* [Brief]
Whenever a line in the entries below contains "this", copy that line.

* [Supplied material]
· · ·

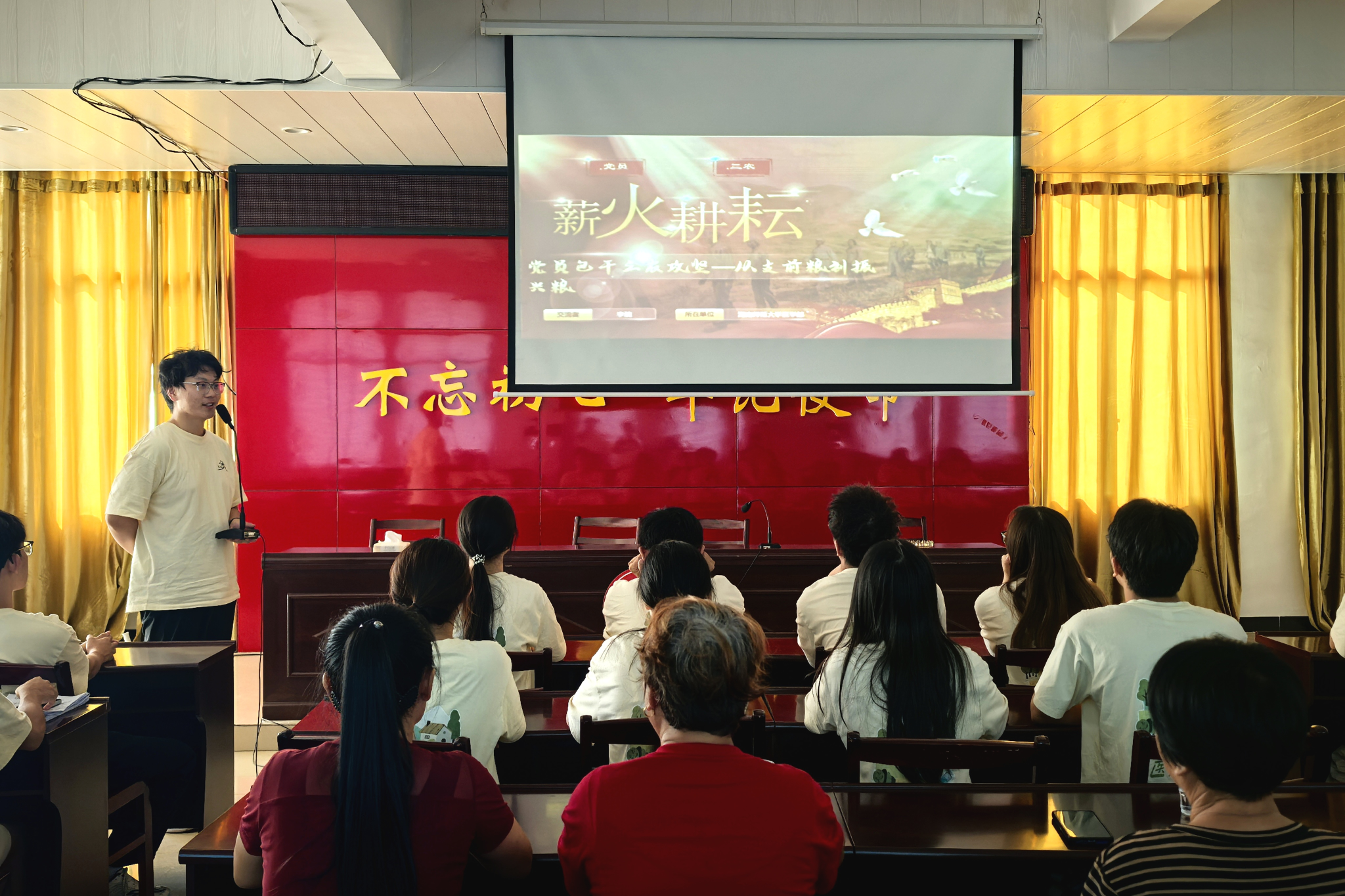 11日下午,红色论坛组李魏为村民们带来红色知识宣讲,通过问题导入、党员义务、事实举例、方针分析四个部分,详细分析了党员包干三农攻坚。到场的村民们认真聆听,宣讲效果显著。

· · ·

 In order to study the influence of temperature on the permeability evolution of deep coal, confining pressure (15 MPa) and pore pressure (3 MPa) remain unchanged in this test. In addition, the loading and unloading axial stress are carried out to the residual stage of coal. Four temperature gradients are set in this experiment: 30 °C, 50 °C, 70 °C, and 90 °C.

· · ·

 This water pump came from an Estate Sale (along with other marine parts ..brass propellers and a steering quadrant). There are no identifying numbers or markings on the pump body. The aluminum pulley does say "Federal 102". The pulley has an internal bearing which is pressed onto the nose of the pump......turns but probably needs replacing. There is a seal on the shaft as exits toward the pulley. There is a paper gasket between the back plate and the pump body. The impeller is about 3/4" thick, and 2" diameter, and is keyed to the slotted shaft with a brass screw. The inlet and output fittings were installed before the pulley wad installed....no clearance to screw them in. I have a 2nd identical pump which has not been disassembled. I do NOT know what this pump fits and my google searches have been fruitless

· · ·

* [The answer]
 In order to study the influence of temperature on the permeability evolution of deep coal, confining pressure (15 MPa) and pore pressure (3 MPa) remain unchanged in this test. In addition, the loading and unloading axial stress are carried out to the residual stage of coal. Four temperature gradients are set in this experiment: 30 °C, 50 °C, 70 °C, and 90 °C.
 This water pump came from an Estate Sale (along with other marine parts ..brass propellers and a steering quadrant). There are no identifying numbers or markings on the pump body. The aluminum pulley does say "Federal 102". The pulley has an internal bearing which is pressed onto the nose of the pump......turns but probably needs replacing. There is a seal on the shaft as exits toward the pulley. There is a paper gasket between the back plate and the pump body. The impeller is about 3/4" thick, and 2" diameter, and is keyed to the slotted shaft with a brass screw. The inlet and output fittings were installed before the pulley wad installed....no clearance to screw them in. I have a 2nd identical pump which has not been disassembled. I do NOT know what this pump fits and my google searches have been fruitless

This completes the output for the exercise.